[Collected data entries]
BEGIN

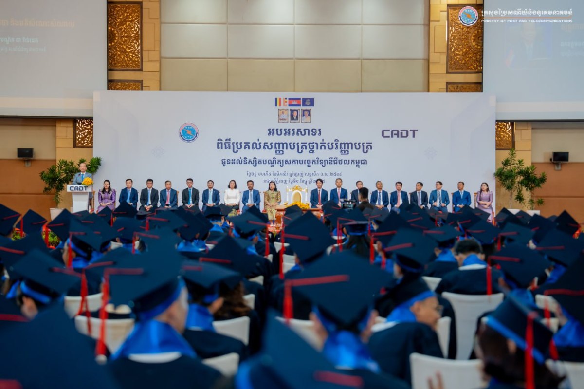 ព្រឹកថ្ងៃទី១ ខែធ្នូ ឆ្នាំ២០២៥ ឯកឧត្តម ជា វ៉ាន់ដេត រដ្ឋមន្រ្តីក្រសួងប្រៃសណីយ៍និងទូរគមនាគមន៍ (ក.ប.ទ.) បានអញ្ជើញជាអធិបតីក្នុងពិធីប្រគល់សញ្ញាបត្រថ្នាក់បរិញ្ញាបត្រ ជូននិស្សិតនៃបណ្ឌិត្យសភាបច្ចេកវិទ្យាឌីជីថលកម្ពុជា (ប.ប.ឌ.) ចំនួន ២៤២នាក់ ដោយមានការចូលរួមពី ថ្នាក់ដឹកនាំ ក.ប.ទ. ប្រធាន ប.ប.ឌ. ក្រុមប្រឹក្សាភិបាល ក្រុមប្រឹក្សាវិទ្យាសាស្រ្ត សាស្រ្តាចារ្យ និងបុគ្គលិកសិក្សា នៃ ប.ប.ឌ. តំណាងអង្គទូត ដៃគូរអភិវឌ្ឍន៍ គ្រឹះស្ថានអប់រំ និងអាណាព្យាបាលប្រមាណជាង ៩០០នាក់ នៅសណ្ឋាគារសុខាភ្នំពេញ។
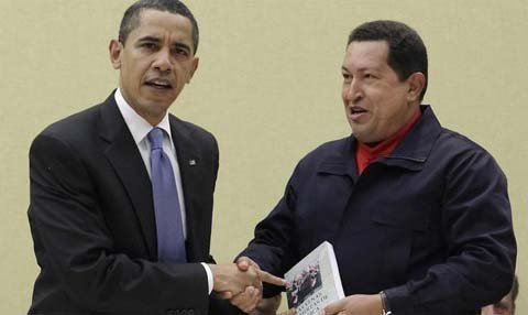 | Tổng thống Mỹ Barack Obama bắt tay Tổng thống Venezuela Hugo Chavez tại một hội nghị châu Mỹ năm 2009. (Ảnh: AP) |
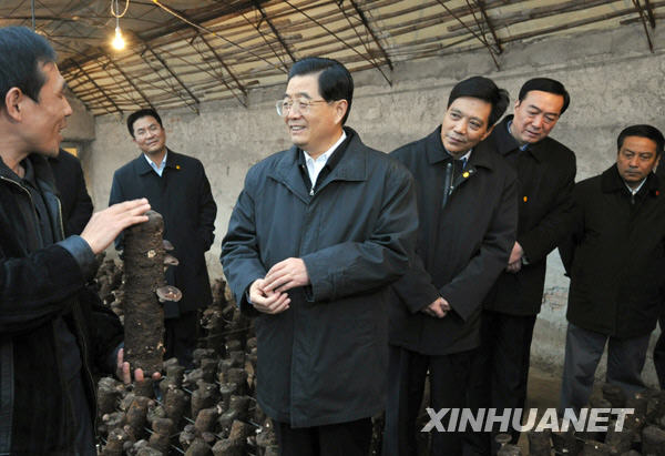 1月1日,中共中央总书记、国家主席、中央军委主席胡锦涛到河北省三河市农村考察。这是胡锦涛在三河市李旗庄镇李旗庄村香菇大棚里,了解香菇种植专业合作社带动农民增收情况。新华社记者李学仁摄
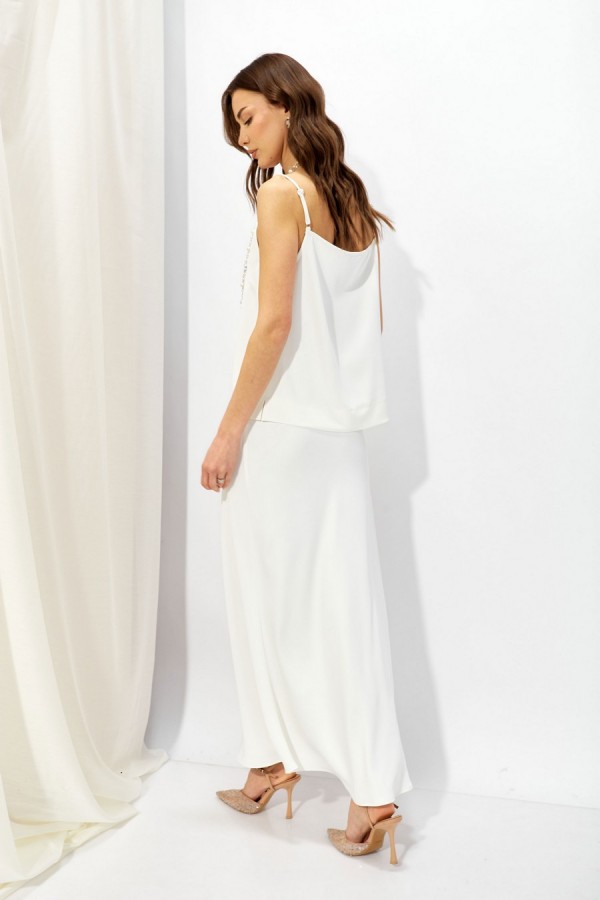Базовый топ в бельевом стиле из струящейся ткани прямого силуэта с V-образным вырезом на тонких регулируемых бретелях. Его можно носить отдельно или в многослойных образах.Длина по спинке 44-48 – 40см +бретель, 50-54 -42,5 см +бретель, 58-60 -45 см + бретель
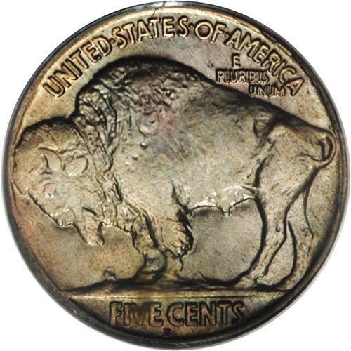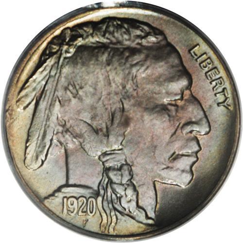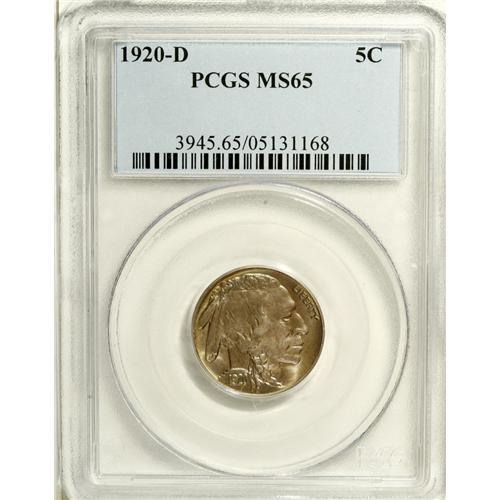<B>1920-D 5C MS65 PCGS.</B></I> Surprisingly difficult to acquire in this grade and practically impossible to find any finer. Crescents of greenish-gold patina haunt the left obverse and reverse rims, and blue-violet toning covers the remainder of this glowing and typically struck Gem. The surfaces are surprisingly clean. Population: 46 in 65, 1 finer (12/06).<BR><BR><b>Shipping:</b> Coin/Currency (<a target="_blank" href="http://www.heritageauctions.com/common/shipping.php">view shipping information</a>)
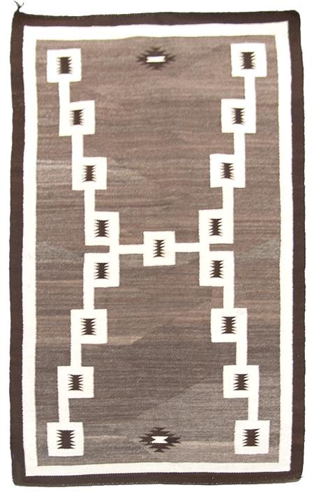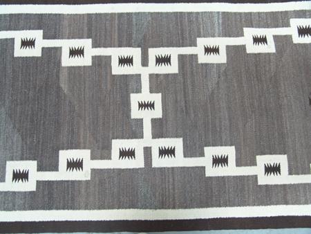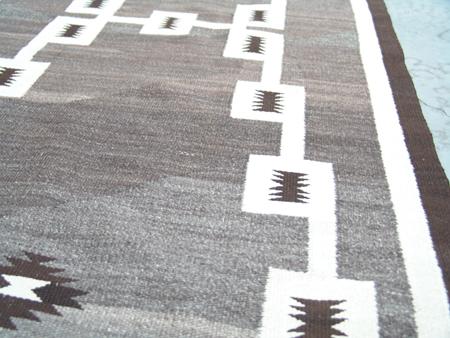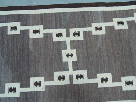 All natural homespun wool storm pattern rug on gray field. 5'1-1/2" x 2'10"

END

About this exercise:
An exact, picture-free copy of the entries is required.

Exercise answer:
 ព្រឹកថ្ងៃទី១ ខែធ្នូ ឆ្នាំ២០២៥ ឯកឧត្តម ជា វ៉ាន់ដេត រដ្ឋមន្រ្តីក្រសួងប្រៃសណីយ៍និងទូរគមនាគមន៍ (ក.ប.ទ.) បានអញ្ជើញជាអធិបតីក្នុងពិធីប្រគល់សញ្ញាបត្រថ្នាក់បរិញ្ញាបត្រ ជូននិស្សិតនៃបណ្ឌិត្យសភាបច្ចេកវិទ្យាឌីជីថលកម្ពុជា (ប.ប.ឌ.) ចំនួន ២៤២នាក់ ដោយមានការចូលរួមពី ថ្នាក់ដឹកនាំ ក.ប.ទ. ប្រធាន ប.ប.ឌ. ក្រុមប្រឹក្សាភិបាល ក្រុមប្រឹក្សាវិទ្យាសាស្រ្ត សាស្រ្តាចារ្យ និងបុគ្គលិកសិក្សា នៃ ប.ប.ឌ. តំណាងអង្គទូត ដៃគូរអភិវឌ្ឍន៍ គ្រឹះស្ថានអប់រំ និងអាណាព្យាបាលប្រមាណជាង ៩០០នាក់ នៅសណ្ឋាគារសុខាភ្នំពេញ។
 | Tổng thống Mỹ Barack Obama bắt tay Tổng thống Venezuela Hugo Chavez tại một hội nghị châu Mỹ năm 2009. (Ảnh: AP) |
 1月1日,中共中央总书记、国家主席、中央军委主席胡锦涛到河北省三河市农村考察。这是胡锦涛在三河市李旗庄镇李旗庄村香菇大棚里,了解香菇种植专业合作社带动农民增收情况。新华社记者李学仁摄
Базовый топ в бельевом стиле из струящейся ткани прямого силуэта с V-образным вырезом на тонких регулируемых бретелях. Его можно носить отдельно или в многослойных образах.Длина по спинке 44-48 – 40см +бретель, 50-54 -42,5 см +бретель, 58-60 -45 см + бретель
<B>1920-D 5C MS65 PCGS.</B></I> Surprisingly difficult to acquire in this grade and practically impossible to find any finer. Crescents of greenish-gold patina haunt the left obverse and reverse rims, and blue-violet toning covers the remainder of this glowing and typically struck Gem. The surfaces are surprisingly clean. Population: 46 in 65, 1 finer (12/06).<BR><BR><b>Shipping:</b> Coin/Currency (<a target="_blank" href="http://www.heritageauctions.com/common/shipping.php">view shipping information</a>)
 All natural homespun wool storm pattern rug on gray field. 5'1-1/2" x 2'10"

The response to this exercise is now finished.